I agree we should have some system in place that notifies when new releases are pushed to crates.io - the versions to check against likely should be kept locally on devs machines otherwise if in a file online that file just becomes part of the attack. This is starting to sound like a general software development issue that someone else should have already solved.

Since most applications are using ~3000 other random dependencies it might not be worth the additional bother to lock rust-bitcoin down too much more than that. But at some stage in the future perhaps we should?

I think it's reasonable that all of these should be co-owned by me, @sanket1729, @tcharding, and possibly @Kixunil and @TheBlueMatt if they are willing.

As long as there are at least 3 owners on each crate then I am willing to taking on that responsibility.

[sanket1729]

If the purpose of having keys is primarily redundancy; sign me up. I can assure that I don't intend to use any of push permission and I won't even register a new token for pushing stuff to rust bitcoin or miniscript org.

Any push from my account should be by default considered compromised unless we discuss otherwise beforehand.

w.r.t supply chain attacks, I don't think they fall in the scope of this issue. Users might vendor code or actively review what is published and downloaded.

[tcharding]

Oh that is a good idea, we can both declare that our publish permissions are only for the case where @apoelstra is AWOL, assumed dead, or certified mad. Then any publish by me or @sanket1729 can be assumed malicious. I like it!

[apoelstra]

I agree we should have some system in place that notifies when new releases are pushed to crates.io - the versions to check against likely should be kept locally on devs machines otherwise if in a file online that file just becomes part of the attack. This is starting to sound like a general software development issue that someone else should have already solved.

Well, crates.io solved it to the extent that they will publish on their website when dependencies get updated.

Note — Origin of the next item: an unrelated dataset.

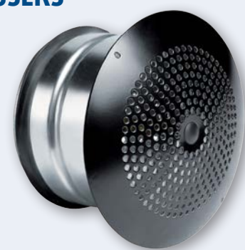
ELEGANT-AT Residential Supply Diffuser
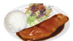
Grilled Salmon Teriyaki

But it's on us to fetch that data and do something useful for us as far as sending notifications. Though it may be that crates.io itself has a way for us to be emailed when new stuff is released..

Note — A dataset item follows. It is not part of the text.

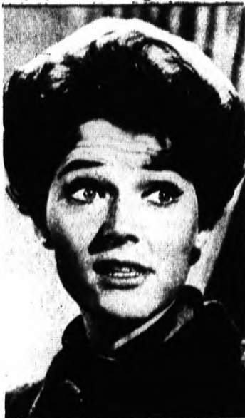
Polly Bergen plays the first woman president in "Kisses for My President," on "Friday Night at the Movies" at 9 on Channel 2.

6:00 (2) (4) (7) C — News, Weather, Sports (9) R C — I Spy — Nancy Wilson is guest star as a Las Vegas singer embroiled in the violence of international intrigue. (50) R C — Flintstones (56) What's New — "Peter and the Potter" (62) R — Sea Hunt 6:30 (2) C — News—Cronkite (4) C — News — Huntley, Brinkley (7) C — News — Reynolds, Smith (50) R — McHale's Navy (56) TV High School — "Natural Science" (62) R — Highway Patrol 7:00 (2) C — Truth or Consequences (4) (7) C — News, Weather, Sports (9) R — Movie: "Charlie Chan in Shanghai" (1935) Smuggling and gang wars engage Chan's attention in Shanghai. Warner Oland, Keye Luke (50) R — I Love Lucy (56) Republic — Discussion of air pollution and its medical effects (62) C — Swingintime —

I think it's fine to have the reference be in a git repo on github. Yes, in theory somebody could just push to this (though we can prevent direct pushes in github and add a one-ack rule for pull requests), but that wouldn't immediately update anyone's machines and it would be very visible when they did.

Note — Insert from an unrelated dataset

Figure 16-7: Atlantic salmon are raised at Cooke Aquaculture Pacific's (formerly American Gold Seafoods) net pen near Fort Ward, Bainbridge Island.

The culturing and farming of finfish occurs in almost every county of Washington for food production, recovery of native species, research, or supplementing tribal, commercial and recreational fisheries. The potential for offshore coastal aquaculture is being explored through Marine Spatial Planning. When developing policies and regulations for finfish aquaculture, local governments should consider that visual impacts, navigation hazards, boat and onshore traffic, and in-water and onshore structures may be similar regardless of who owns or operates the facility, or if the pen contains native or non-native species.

Since most applications are using ~3000 other random dependencies it might not be worth the additional bother to lock rust-bitcoin down too much more than that. But at some stage in the future perhaps we should?

I don't think we should compare ourselves to "most applications" :).

Oh that is a good idea, we can both declare that our publish permissions are only for the case where @apoelstra is AWOL, assumed dead, or certified mad. Then any publish by me or @sanket1729 can be assumed malicious. I like it!

Lol, that's a good point. We can easily script that (assuming we have scripts to notice updates at all).

[tcharding]

I don't think we should compare ourselves to "most applications" :).

Woops, I meant most applications that use rust-bitcoin ie., even if rust-bitcoin is locked down they likely have a ton of other dependencies that can be attacked.